Need Advice for a Large-scale Web Scraping Project: VPNs vs. Proxies

Hi everyone,

I’m embarking on a substantial web scraping project and could use some guidance. I’m targeting a website with around 4 million product pages, available in two languages, which brings the total to about 8 million pages. The silver lining is that these pages can be accessed via .json links, offering a way to minimize traffic impact. The site is protected by Cloudflare, but I’ve managed to bypass this using VPN provider so far.

In my tests, I’ve successfully run 5 Docker containers concurrently under a single VPN account, each using different IPs. However, this is just the start. I plan to scale my operations to scrape up to 100 million pages. This scaling brings me to a crossroads: should I invest in 3-4 VPN accounts, or would proxies be a better route? I’ve never used proxies before, so I’m particularly interested in insights about their effectiveness, cost, and how they might compare to using multiple VPN accounts for a project of this scale.

Any advice, experiences, or tips you can share would be incredibly valuable, especially regarding handling large-scale scraping projects, managing IP rotation, and staying under the radar of protections like Cloudflare.

Thanks in advance for your help!

I think public proxies are relative cheap to acesss and easy to rotate as well programmatically and you can also randomize proxies among docker as well.

You also need to consider whether it’s against the ToS of the VPN. It might end up getting blocked or costing you more in the long run.

What’s your budget for proxies/vpn’s? I run a pretty large scraping project for a client that revolves around targeted ads and SEO. We use residential and mobile proxies, and mobile hotspots like NetGear Nighthawks.

Typically our scrapers will hit an intermediate proxy that we run internally using something like squid. Squid will be listening on a range of ports. Depending on the port the scrapers web request comes in on, the traffic will get sent out to a specific proxy. ie port 3177’s next cache peer might be a mobile proxy in LA. Using this technique we’ve had success scraping various data across the web. Each request made by a scraper goes out a different random proxy unless there is a specific need for a specific proxy or location.

We also rotate the types of scrapers we use ranging from Selenium Grid via Docker swarm, to playwright, to simple Python programs using HTTPX or niquests.

PM me if you want more info.

If you have not already done it, check if you need all the productpages. If you are collecting the URLs from f.ex the sitemap, then maybe some of the products may be expired, etc.

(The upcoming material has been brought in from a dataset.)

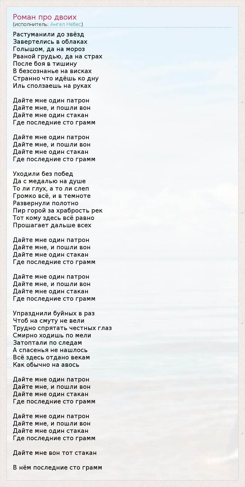 Растуманили до звёзд Завертелись в облаках Голышом, да на мороз Рваной грудью, да на страх После боя в тишину В безсознанье на висках Странно что идёшь ко дну Иль сползаешь на руках Дайте мне один патрон Дайте мне, и пошли вон Дайте мне один стакан Где последние сто грамм Дайте мне один патрон Дайте мне, и пошли вон Дайте мне один стакан Где последние сто грамм Уходили без побед Да с медалью на душе То ли глух, а то ли слеп Громко всё, и в темноте Развернули полотно Пир горой за храбрость рек Тот кому здесь всё равно Прошагает дальше всех Дайте мне один патрон Дайте мне, и пошли вон Дайте мне один стакан Где последние сто грамм Дайте мне один патрон Дайте мне, и пошли вон Дайте мне один стакан Где последние сто грамм Упразднили буйных в раз Чтоб на смуту не вели Трудно спрятать честных глаз Смирно ходишь по мели Затоптали по следам А спасенья не нашлось Всё здесь отдано векам Как обычно на авось Дайте мне один патрон Дайте мне, и пошли вон Дайте мне один стакан Где последние сто грамм Дайте мне один патрон Дайте мне, и пошли вон Дайте мне один стакан Где последние сто грамм Дайте мне вон тот стакан В нём последние сто грамм
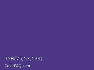 RYB 75,53,133 Color is a normal indigo color and the nearest color is Dark Slate Blue #483d8b. Hex code #4b3585 and RGB value is rgb(75,53,133). In RGB color space, this color is composed of 29% red, 21% green, 52% blue, In CMYK color space, this color is composed of 44% cyan, 60% magenta, 0% yellow , 48% black , In HSL color space, this color has a hue angle of 257° , 43% saturation and 36% lightness.

On some of the sites I scrape every old and new products is under the same map so my scrape include product-status parameter. If it is expired it appends the url to an expired-csv-file that the script uses to check againts the next time. Rinse repeat. Once every month/3 months etc. I do a full check just incase some products are “un-expired”.

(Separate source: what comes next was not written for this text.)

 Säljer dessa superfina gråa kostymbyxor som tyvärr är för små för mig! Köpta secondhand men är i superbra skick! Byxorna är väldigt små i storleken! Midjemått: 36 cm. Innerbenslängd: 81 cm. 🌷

Have you tried it with a large amount of request yet? My guess is after a couple thousand the VPN will start to fail

Interesting any direction to point me?

Hmm i didn’t take into consideration, but i gonna check. Thanks for the tip

What volume are you handling?

Good tip for the expired ones. I’m gonna add this future to my script, too. i didn’t take this to consideration. Thanks!

Nice read, probably one of the best resources I’ve seen on the topic out there , especially with the sun articles about each anti bot measures providers articles linked to it.

Links to this domain have been disabled.

I am a bot, and this action was performed automatically. Please contact the moderators of this subreddit if you have any questions or concerns.

Links to this domain have been disabled. [2]

I am a bot, and this action was performed automatically. Please contact the moderators of this subreddit if you have any questions or concerns.

No, thats why before doing anything i wanted to do a bit of research to set up everything good. Not start my project and hit a wall after

Dm me for more info.

Usually scraping via VPN can get you banned immediately if it’s against tos

What do you mean by volume? Clients, sites, ads???

Thanks, I think the most important thing to note is that all anti-bot services usually calculate a trust score which decides whether to let you in. So, if you have a lot of time for this project you can slowly chop at it with limited resources.

This is one upside of how VPN’s could work for long term slow scraping projects as IP is shared with real users who could up your trust score but in reality all big anti-bot teams can just pull the VPN IPs (or track the ASNs) and mark them so maybe with some lesser known good VPNs it could work? If you’re really strapped for resources that could be an interesting option to try. Check out wireproxy if you want to try VPNs as proxies.